▸ Exercise materials

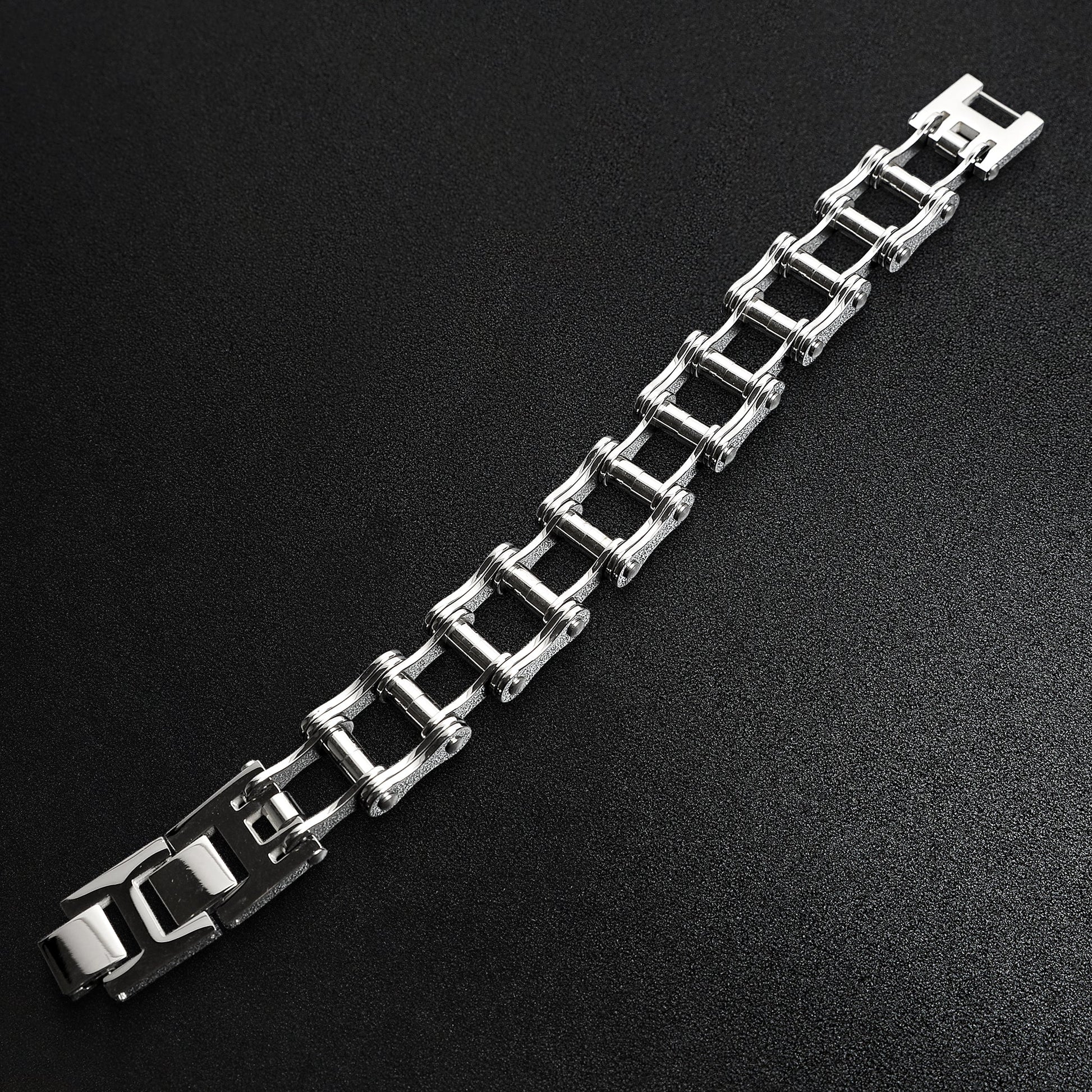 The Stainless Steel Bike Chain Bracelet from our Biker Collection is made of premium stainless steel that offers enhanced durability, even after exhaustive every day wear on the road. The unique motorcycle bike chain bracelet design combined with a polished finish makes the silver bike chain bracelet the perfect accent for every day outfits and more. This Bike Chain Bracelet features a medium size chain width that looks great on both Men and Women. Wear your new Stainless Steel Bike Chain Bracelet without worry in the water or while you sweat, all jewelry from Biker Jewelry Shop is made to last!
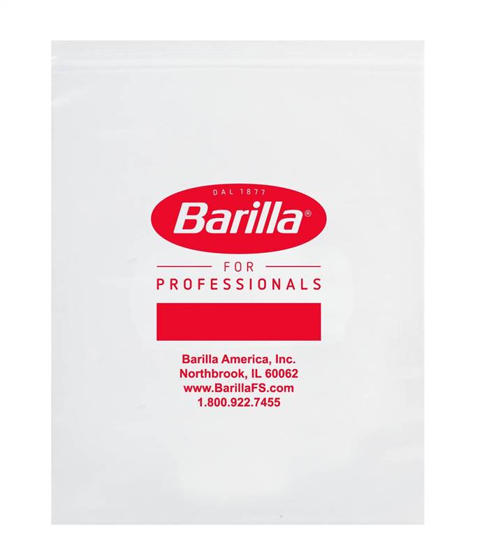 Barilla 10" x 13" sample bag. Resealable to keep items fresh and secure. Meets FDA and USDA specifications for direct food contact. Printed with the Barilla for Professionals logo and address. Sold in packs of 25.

---

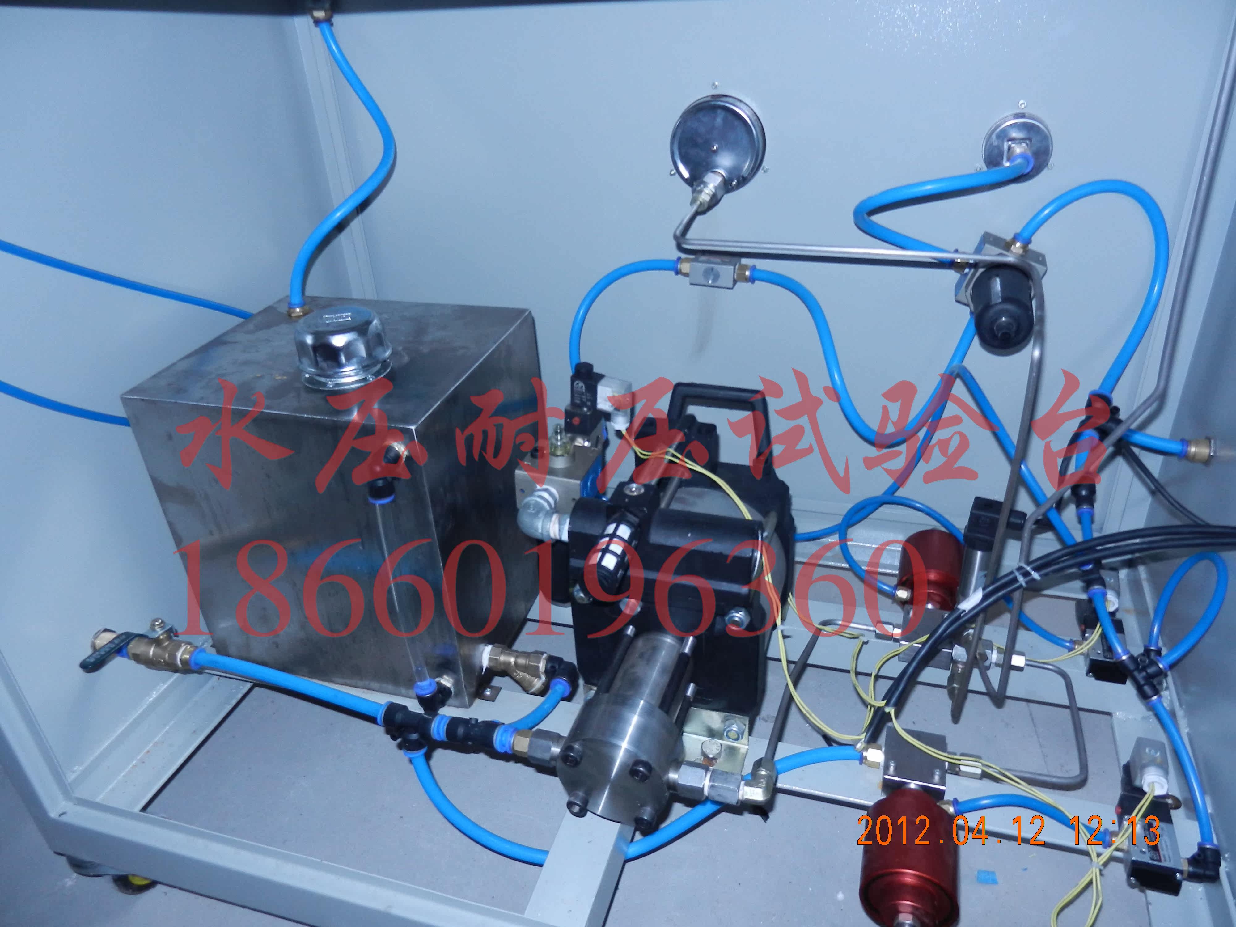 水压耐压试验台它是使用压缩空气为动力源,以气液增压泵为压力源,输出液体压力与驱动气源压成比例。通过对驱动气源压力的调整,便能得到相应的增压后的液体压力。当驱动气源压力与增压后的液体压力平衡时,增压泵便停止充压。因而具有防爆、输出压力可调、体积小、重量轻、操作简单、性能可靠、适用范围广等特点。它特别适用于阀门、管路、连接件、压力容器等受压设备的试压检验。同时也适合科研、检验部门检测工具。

---

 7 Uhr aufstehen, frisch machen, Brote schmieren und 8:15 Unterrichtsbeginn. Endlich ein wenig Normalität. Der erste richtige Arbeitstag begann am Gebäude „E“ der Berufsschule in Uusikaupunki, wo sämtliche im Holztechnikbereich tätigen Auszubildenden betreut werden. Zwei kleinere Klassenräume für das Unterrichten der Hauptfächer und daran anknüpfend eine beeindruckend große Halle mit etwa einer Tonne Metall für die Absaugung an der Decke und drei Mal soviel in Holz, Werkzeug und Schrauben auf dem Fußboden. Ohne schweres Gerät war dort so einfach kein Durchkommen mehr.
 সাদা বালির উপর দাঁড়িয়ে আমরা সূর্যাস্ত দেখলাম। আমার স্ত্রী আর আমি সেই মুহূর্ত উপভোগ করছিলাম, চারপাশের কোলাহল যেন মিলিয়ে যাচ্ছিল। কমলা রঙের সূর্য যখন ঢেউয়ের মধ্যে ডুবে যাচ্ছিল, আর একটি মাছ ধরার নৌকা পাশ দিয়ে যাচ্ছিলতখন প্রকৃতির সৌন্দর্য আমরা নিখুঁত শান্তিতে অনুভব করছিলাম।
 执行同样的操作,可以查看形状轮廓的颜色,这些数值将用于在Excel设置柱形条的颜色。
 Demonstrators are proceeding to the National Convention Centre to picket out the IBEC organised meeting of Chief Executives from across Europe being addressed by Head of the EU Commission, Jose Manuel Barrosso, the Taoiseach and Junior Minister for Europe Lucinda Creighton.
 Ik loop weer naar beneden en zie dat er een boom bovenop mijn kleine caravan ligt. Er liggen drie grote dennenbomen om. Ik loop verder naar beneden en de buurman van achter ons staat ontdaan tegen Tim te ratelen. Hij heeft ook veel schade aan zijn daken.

▸ Exercise prompt
Among the lines above, find the one with "执行同样的操作,可以查看形状" and the one with "Demonstrators are proceeding". Quote both and everything between them, exactly.

▸ Result of this task
 执行同样的操作,可以查看形状轮廓的颜色,这些数值将用于在Excel设置柱形条的颜色。
 Demonstrators are proceeding to the National Convention Centre to picket out the IBEC organised meeting of Chief Executives from across Europe being addressed by Head of the EU Commission, Jose Manuel Barrosso, the Taoiseach and Junior Minister for Europe Lucinda Creighton.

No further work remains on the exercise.